* [DATASET CONTENT]:
=== Section Start ===

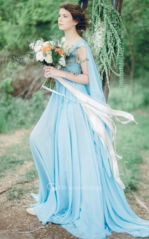 Serenity Bohemian Sky Blue Chiffon Wedding Or Prom Non Traditional Coloured Bridal Gown Dress
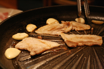 定番メニューからサムギョプサル(豚バラ肉の焼肉)。
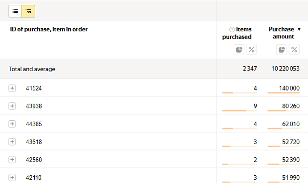 Este informe contiene información detallada sobre los pedidos realizados desde el sitio web y los artículos incluidos en un pedido individual: la cantidad de artículos por pedido, el costo por pedido y el costo total de todos los pedidos realizados durante el período seleccionado.

=== Section End ===

* [TASK]: Output all of the data exactly as it stands, minus any images.

* [EXERCISE SOLUTION]:
 Serenity Bohemian Sky Blue Chiffon Wedding Or Prom Non Traditional Coloured Bridal Gown Dress
 定番メニューからサムギョプサル(豚バラ肉の焼肉)。
 Este informe contiene información detallada sobre los pedidos realizados desde el sitio web y los artículos incluidos en un pedido individual: la cantidad de artículos por pedido, el costo por pedido y el costo total de todos los pedidos realizados durante el período seleccionado.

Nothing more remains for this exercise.